It was the first space observatory to be operated in real-time by astronomers who visited the ground stations in the United States and Spain. Astronomers made over 104,000 observations using the IUE, of objects ranging from Solar System bodies to distant quasars. Among the significant scientific results from IUE data were the first large-scale studies of stellar winds, accurate measurements of the way interstellar dust absorbs light, and measurements of the supernova SN 1987A which showed that it defied stellar evolution theories as they then stood. When the mission ended, it was considered the most successful astronomical satellite ever.

== History ==
=== Motivation ===
The human eye can perceive light with wavelengths between roughly 350 (violet) and 700 (red) nanometres.
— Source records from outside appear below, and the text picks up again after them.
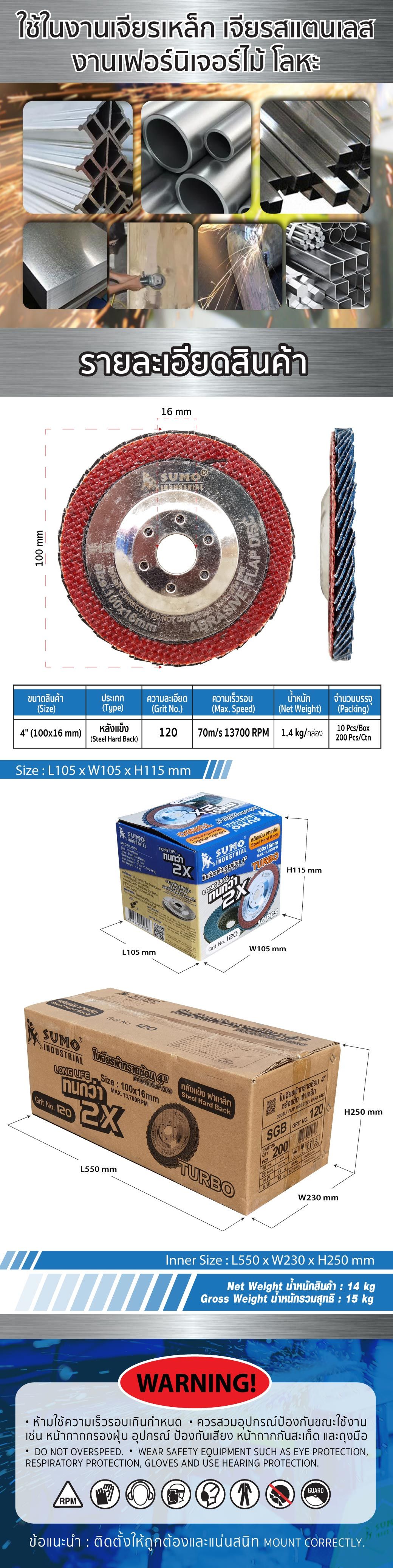 ใบเจียรผ้าทรายซ้อน 4" No.120 หลังแข็ง Turbo ฝาเหล็ก SUMO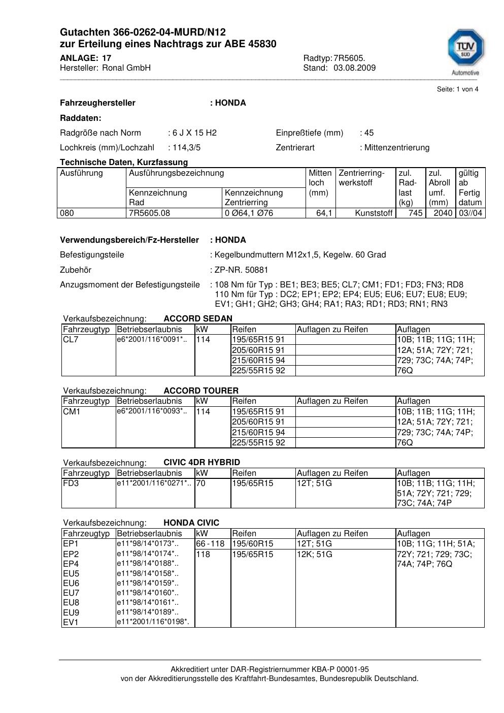 Dieses Gutachten (abe) bezieht sich auf die Alufelge Ronal 7R5605 in der Ausführung 6Jx15 ET 0, Mittenloch 0 mm (KBA 45830). Im PDF findest du typischerweise zulässige Reifengrößen, Auflagen/Anbauhinweise und – je nach Dokument – Hinweise zur Eintragung.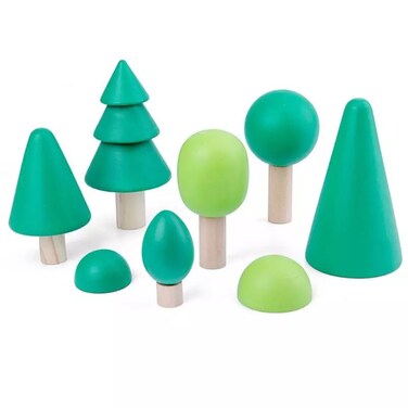 Green forest is ideal for storyline games. It sparks imagination and creates a full forest scenario especially when matched with our animals set and rainbow houses to create the full scene. They provide hours of open-ended play. Help kids learn comparison between hights, light and dark colors and different shapes. Can be an introduction to teach children of different types of trees, nature around us and how to help protect our environment.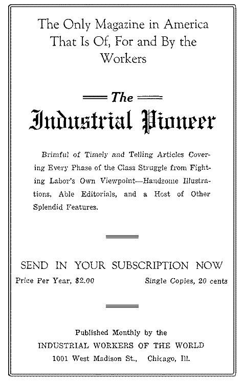 Published by the INDUSTRIAL WORKERS OF THE WORLD1001 W. MADISON ST. CHICAGO, ILL., U. S. A. |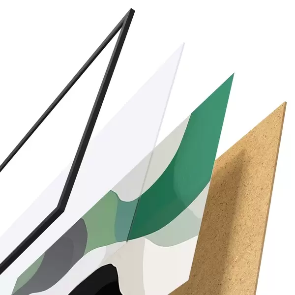 Le poster se compose d'un cadre, d'un plexiglas, d'une image imprimée et d'un support en aggloméré. Le poster peut être immédiatement accroché au mur grâce aux fixations au dos.
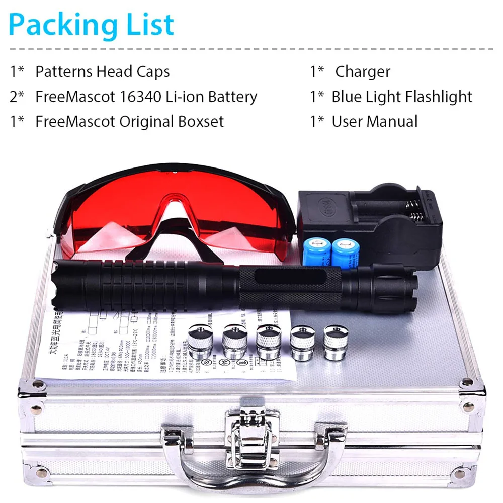 Синяя лазерная указка высокой мощности 2 Вт фонафонарь B009 5000 нм...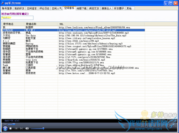 空间音乐使您能轻而易举的获取他人空间音乐地址。进入空间音乐页面后,用户可以直接输入一个QQ号码来查询此QQ号是否添加及收藏了QQ音乐,如果有的话,程序将自动显示音乐列表,而用户也可通过双击选中的歌曲,来进行试听。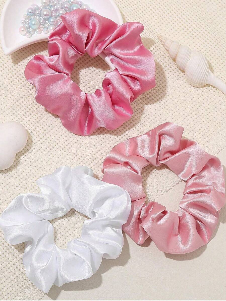 Kawaii 3pcs Solid Color Simulated Simple Fashion Women's Hair Ties Scrunchies, For Souvenirs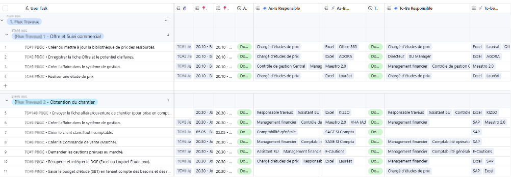 L’analyse ici se fait sur les flux de bout en bout. Au lieu de regarder chaque service séparément, on suit une opération du début à la fin (exemple : du devis au paiement). C’est lors du passage d’une équipe à une autre que les blocages sont les plus fréquents. Pour chaque flux, nous documentons l’évolution des responsabilités (As-Is vs To-Be) : l’enjeu n’est pas de lister les nouveaux boutons, mais de comprendre qui décidait hier et qui arbitrera demain.

Ultraviolet light has wavelengths between roughly 10 nm and 350 nm. UV light can be harmful to human beings and is strongly absorbed by the ozone layer. This makes it impossible to observe UV emission from astronomical objects from the ground. Many types of objects emit copious quantities of UV radiation, though: the hottest and most massive stars in the universe can have surface temperatures high enough that the vast majority of their light is emitted in the UV. Active Galactic Nuclei, accretion disks, and supernovae all emit UV radiation strongly, and many chemical elements have strong absorption lines in the UV so that UV absorption by the interstellar medium provides a powerful tool for studying its composition.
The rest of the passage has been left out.